Marathon Petroleum Co., Detroit | Wikimedia Commons Public Domain
A leading environmental rights organizer and a Detroit school official voiced support last week during an online public hearing for a consent order against a refinery presented by state officials.
The public comment period remains open until Sept. 28. For more information, contact Erin Moran, EGLE enforcement section officer, at [email protected] or 517-284-0900.
As the Advance previously reported, Marathon Petroleum and the Michigan Department of Environment, Great Lakes and Energy (EGLE) have agreed to a proposed settlement $363,853 and fines as the result of several violations.
The order involved air quality near Marathon’s refinery, which is located in Southwest Detroit. Marathon’s violations included: Exceeding particulate matter and hydrogen sulfide emission limits; exceeding visible emission limits; equipment operation violations; and nuisance odor violations.

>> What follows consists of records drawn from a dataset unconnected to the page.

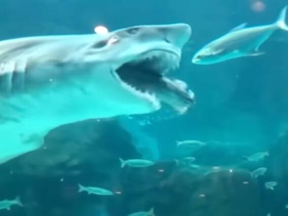 महज कुछ सेकेंड के वीडियो में शार्क की पूरी करतूत नज़र आ जाती है. वीडियो में देखा जा सकता है कि एक शार्क पानी में मौजूद है. देखने में पानी किसी समुद्र का ही लग रहा है. वीडियो में जैसे ही एक बड़ी मछली शार्क के पास से गुजरती है, शार्क उसे अपने बड़े और नोकीले दांतों में फंसा लेती है. शार्क पल भर में पूरी मछली को अपने मुँह में भर लेती है. जो देखने में काफी सहमा देने वाला है. वीडियो देख नेटिजंस के पसीने छूट रहे है.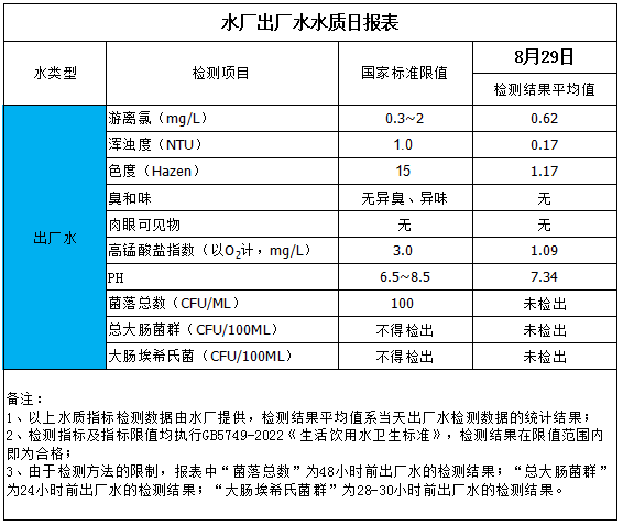 水廠出廠水水質日報表(2025-8-29)
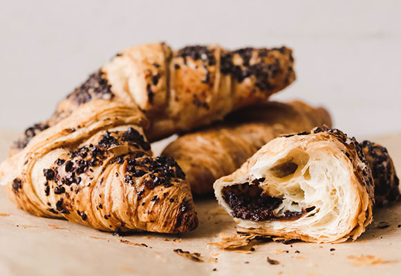 Una de las mezclas más deliciosas son los cruasanes con chocolate, y si son rellenos, mucho mejor. En este último caso, debes prestar atención a la textura del chocolate, ya que este debe tener un aspecto brillante y uniforme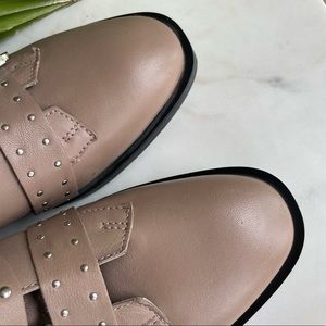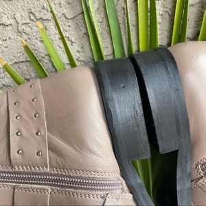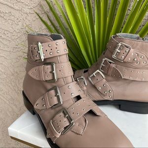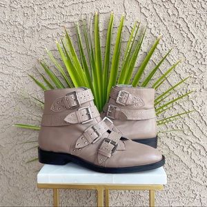 TOPSHOP NWOT Taupe Gray Tan & Silver Studded Buckle Amelia Paige Combat Boots Booties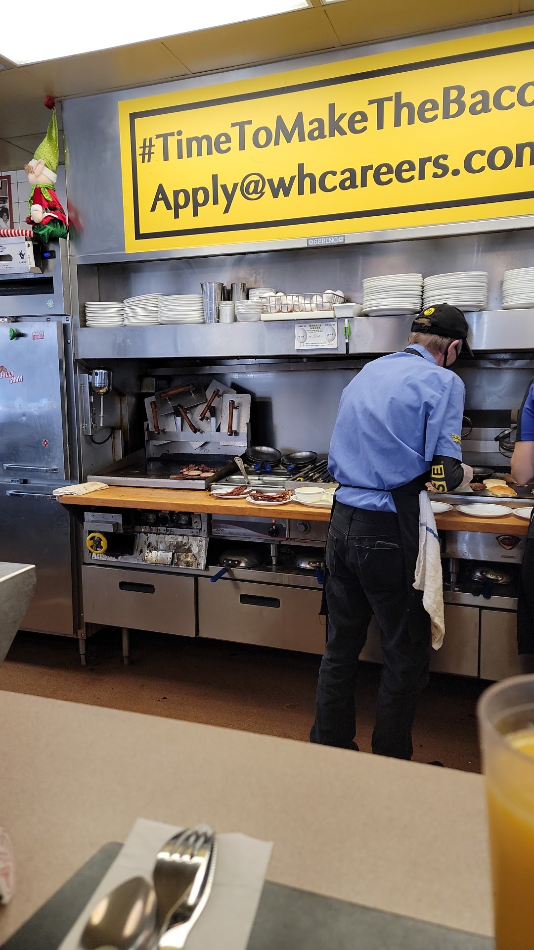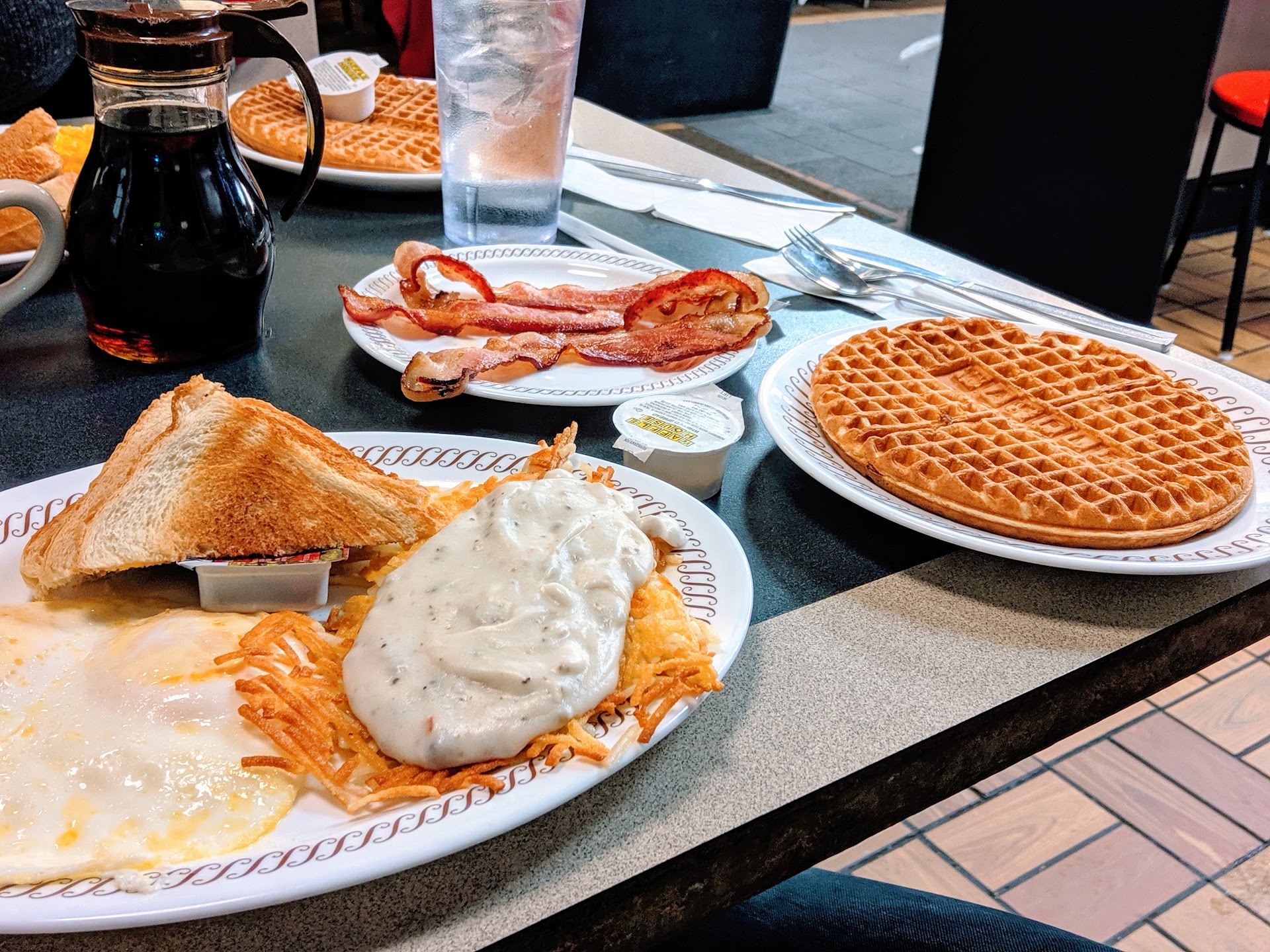 Read moreMy son and I went have breakfast this morning. The hostess took our name down and then walked off. Then we sat in some chairs waiting patiently for a booth to open up. Mind you they were busy but that's no excuse. She was sitting people that had just walked through the door while at least 3 other families were waiting. She also asked one of those families if they would like a table or a booth that had gotten there way after us. So I'm a very patient person but when I seen that she was totalling ignoring us I asked her if we could have a booth please and explained that I had seen her seat others walking through the door while we had to sit and wait. Her response was as soon as one becomes available. I then told her that there had plenty available before but you never offered to seat us. She FINALLY got us our booth but I came so close to getting up and going to the other Waffle House in Manchester. However my son said that he would rather wait. Our waitress was fantastic! Everything was clean and our food was really good!! So please find another hostess sufficiently and me more attentive to the customer's need. She clearly does not know how to multitask or treat the customer's in a...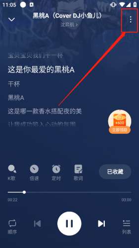2、进入音乐详细界面,点击右上方“更多”即可点击下载。
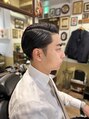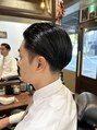 クラシックなポンパドールスタイル。えりあしだけテーパーフェードでサイドはもみあげのみの刈り上げ。このスタイルを希望の方は西村を指名後、クーポンをお選び下さい。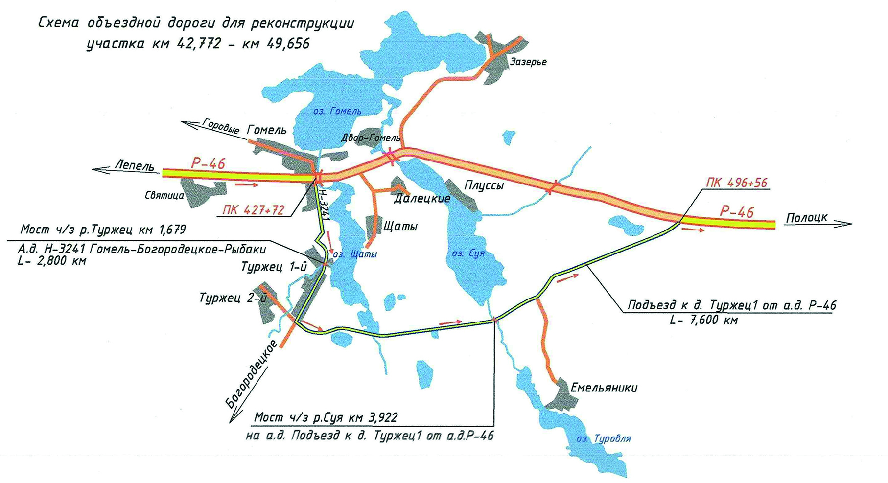 В связи с масштабной реконструкцией автомобильной дороги Р46 Лепель — Полоцк — граница Российской Федерации (Юховичи) на участке протяженностью около 7 км (с 42,772 по 49,656 км) закрытие движения запланировано на 20 ноября.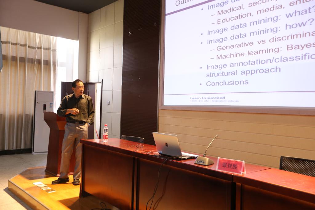 张博士主要从为什么进行图像数据挖掘、图像数据挖掘是什么以及图像数据挖掘如何实现三个方面进行阐述。报告中,张博士首先对图像数据挖掘的重要性和其实质进行了讲解,其次介绍了四大主要机器学习技术在图像数据挖掘中的应用,最后主要介绍了他和同事们在图像数据挖掘方面所做的一些工作。张博士的报告图文并茂,深入浅出,为学生扩展了专业知识。报告后,张博士与听众进行了互动交流,对大家提出的问题进行一一解答。同时也表示欢迎对图像数据挖掘感兴趣的同学去澳大利亚继续学习深造。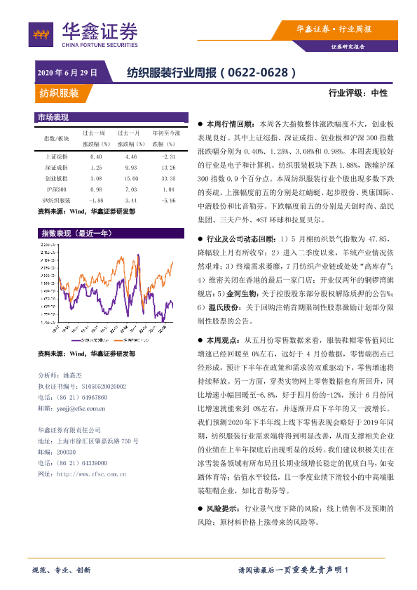 【华鑫证券】【20200629】20200629-华鑫证券-纺织服装行业周报-12页

During the public hearing hosted Wednesday by EGLE, Justin Onwenu, a Sierra Club environmental justice organizer, said he supports Marathon’s commitment to provide air quality improvements at Mark Twain school, which is located near the refinery.

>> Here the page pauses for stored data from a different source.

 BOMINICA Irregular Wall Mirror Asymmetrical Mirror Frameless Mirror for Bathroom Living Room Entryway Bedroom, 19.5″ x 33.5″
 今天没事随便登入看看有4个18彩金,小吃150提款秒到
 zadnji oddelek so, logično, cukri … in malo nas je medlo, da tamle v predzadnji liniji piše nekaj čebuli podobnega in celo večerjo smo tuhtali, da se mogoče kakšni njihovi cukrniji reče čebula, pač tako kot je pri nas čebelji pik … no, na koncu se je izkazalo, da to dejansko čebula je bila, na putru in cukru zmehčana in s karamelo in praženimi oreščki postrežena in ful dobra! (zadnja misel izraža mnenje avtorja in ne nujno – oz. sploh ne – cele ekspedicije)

“We want to make sure that students and teachers have a healthy environment to study in so we are glad to see things coming to an agreement,” Onwenu said. “We also just want to make sure that things are done the right way.”
Mike Simmons, Detroit Public Schools Community District executive director of facilities, said during the hearing that the Marathon-Mark Twain initiative is “creative” and reported that “both “the district supports the project.”
The proposed agreement calls for payment of $81,853 due within 30 days after issuing the consent order; completion of two supplemental environmental projects that total $282,000 (including the Mark Twain project and an online platform for real time air quality data); and stipulated fines for violation of the proposed consent order.
As reported by the Advance in July, a significant portion of the settlement will go toward installing an air filtration system at Mark Twain School for Scholars. Area residents have complained for years about pollution from the facility. In 2016, Marathon Petroleum and the federal government reached an agreement that called for the Ohio-based company to reduce air pollution at the refinery.
State Rep. Tyrone Carter (D-Detroit) attended the school as a child, represents the area in Legislature, and supports the Mark Twain School investment install air purification system, especially amid the COVID-19 pandemic.
“To update those systems is a wonderful idea,” Carter said.